Конец апреля, пятнадцатого в моей жизни, выдался сухим и погожим. Таким погожим и тёплым, что можно было ходить в школу без верхней одежды. Мы все ждали майских праздников, длинных выходных и послаблений в учёбе.
Тогда-то меня и направили от нашего класса на три дня с отрывом от уроков на сборы школьных активистов. Направил меня туда наш классный руководитель. Он преподавал нам алгебру и геометрию.
Я не был политически активен, не рвался в официальные лидеры и совсем не жаждал школьной карьеры. Просто я был разговорчив, много читал и любил блеснуть эрудицией на темы, не связанные со школьной программой. Классный руководитель считал меня человеком способным, но выскочкой и лентяем. По его предметам я учился плохо, точнее, не учился совсем и не собирался, будучи уверенным, что знание математики мне в жизни никогда не пригодится.

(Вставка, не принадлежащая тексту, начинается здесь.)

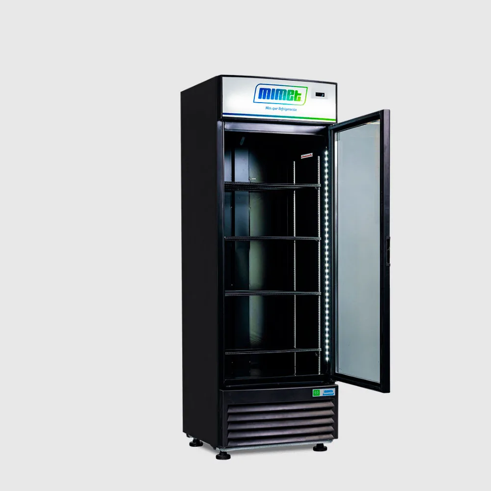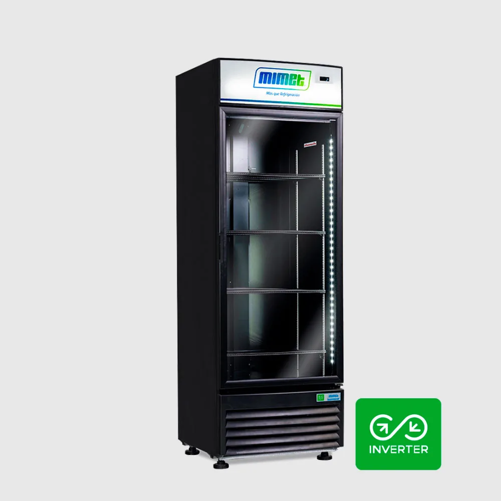Vitrina vertical de alta gama con tecnología inverter. Su puerta termo panel con gas argón y sistema LOW-E asegura máxima eficiencia energética y perfecta conservación de productos.

Когда заведующая воспитательной работой нашей школы потребовала выделить одного учащегося на сборы активистов, наш математик сразу назвал меня. Он не хотел отрывать от учебного процесса тех, кто добросовестно работал на уроках и кому пропуски занятий были бы вредны. А меня ему было не жалко. Он всё про меня и про всех учеников нашего класса хорошо понимал. Он знал, что по точным предметам я всё равно не учусь, а всякие другие типа истории, литературы или географии и пропустить не грех, к тому же я как болтун легко по ним всё наверстаю.

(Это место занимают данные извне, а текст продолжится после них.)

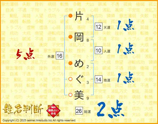 片(4画)岡(8画) め(2画)ぐ(3画)美(9画)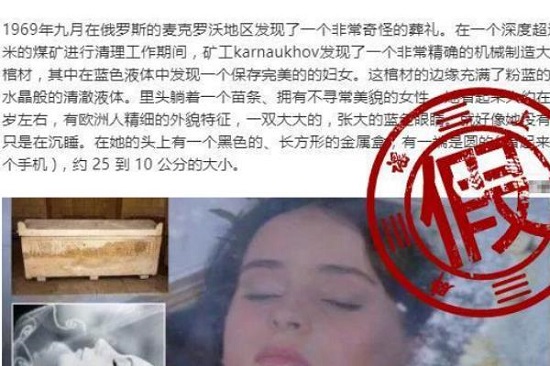 在网络上能够找到的新闻中都使用了这样一张古棺和小女孩的图片,新闻声称科学家经过碳同位素检测发现是这个小女孩竟然诞生于8亿年前,这一度使得人们开始质疑人类进化论是否正确,图片上这位女孩的皮肤雪白,看起来是一位13岁左右的白人女孩。

Сборы активистов проходили в одной из центральных школ, здание которой было самым старым школьным зданием в городе. К его входу вела широкая лестница, а фасад торжественно украшали колонны. В этой школе учились «центровые». И весь город знал, что учениками этой школы являются дети городского и областного руководства, а также отпрыски директоров заводов, промышленных объединений, фабрик, редакторов телевидения, газет, радио, главных врачей больниц и даже сын директора центрального рынка. Проще говоря, золотая молодёжь. Знать. Это была не типовая школа спального района, как моя, а настоящий дворец среднего образования.
В первый день я поехал на сборы активистов в школьной форме. Белая рубашка – это всё, чем я выразил уважение и почтение тому мероприятию. На входе у всех спрашивали, не активисты ли мы, и, получив положительный ответ, записывали фамилии и номера школ. После этого нас направляли в актовый зал. Внутри та центральная школа тоже была нарядная: с широкой лестницей, высокими потолками, лепниной и прочей классической красотой.

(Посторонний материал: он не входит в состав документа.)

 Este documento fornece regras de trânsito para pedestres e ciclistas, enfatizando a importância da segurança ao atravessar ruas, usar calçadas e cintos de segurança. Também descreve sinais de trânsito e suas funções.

В актовом зале, похожем на театр, нас собралось человек сто. Мы как-то расселись. Самый активный городской активист уже не школьного возраста бодро и чётко огласил программу сборов. Из неё мы узнали, что у нас все три дня по утрам будут часовые общие лекции, потом общий завтрак, потом работа по группам, потом общий обед, потом снова работа по группам, потом общее подведение итогов дня, потом некое неформальное общение, и так все три дня.
– В шестнадцать часов сегодня и завтра все смогут расходиться до домам, – сказал главный активист, завершая выступление, – а послезавтра, в конце нашей с вами работы, состоится прощальный вечер… Точнее, не вечер… Скорее прощальный бал… Не бойтесь, вальс вас никто заставлять танцевать не будет, – на этих словах он сам посмеялся собственной шутке, – просто будет прощальный сбор, на котором мы будем петь песни, разученные за время нашей плодотворной работы… А сейчас вводная лекция. Для этого я приглашаю на сцену…
На сцену поднялась главная городская активистка и стала говорить о сложной политической обстановке в мире. Память любого нормального человека, особенно в пятнадцатилетнем возрасте, отказывается фиксировать и хранить то, что было тогда сказано.
Я сидел почти сзади всех и с краю, поэтому мог разглядеть собравшихся. Этим я и занялся. Мне сразу стало ясно, что лекцию никто не слушает. Многие собравшиеся тихонечко переговаривались, передавали записки, вертели головами, улыбались друг другу, подмигивали или что-то показывали жестами. Из этого я сделал вывод, что многие, большинство, не первый раз на подобных сборах.
Ещё я увидел, что в основном участники меня постарше на год-два. В пятнадцать лет это видишь сразу. Но, главное, я понял, что только я один явился в школьной форме. От этого мне стало тоскливо. В пятнадцать лет почувствовать себя дураком можно от чего угодно. То, что я очевидный новичок, заняло все мои мысли.
Как после лекции всех разделили на группы и по каким критериям – это неинтересно, да и не помню я. Мне досталась группа номер три. Чем занимались остальные группы, я не знаю. Наверное, чем-то подобным занятию нашей.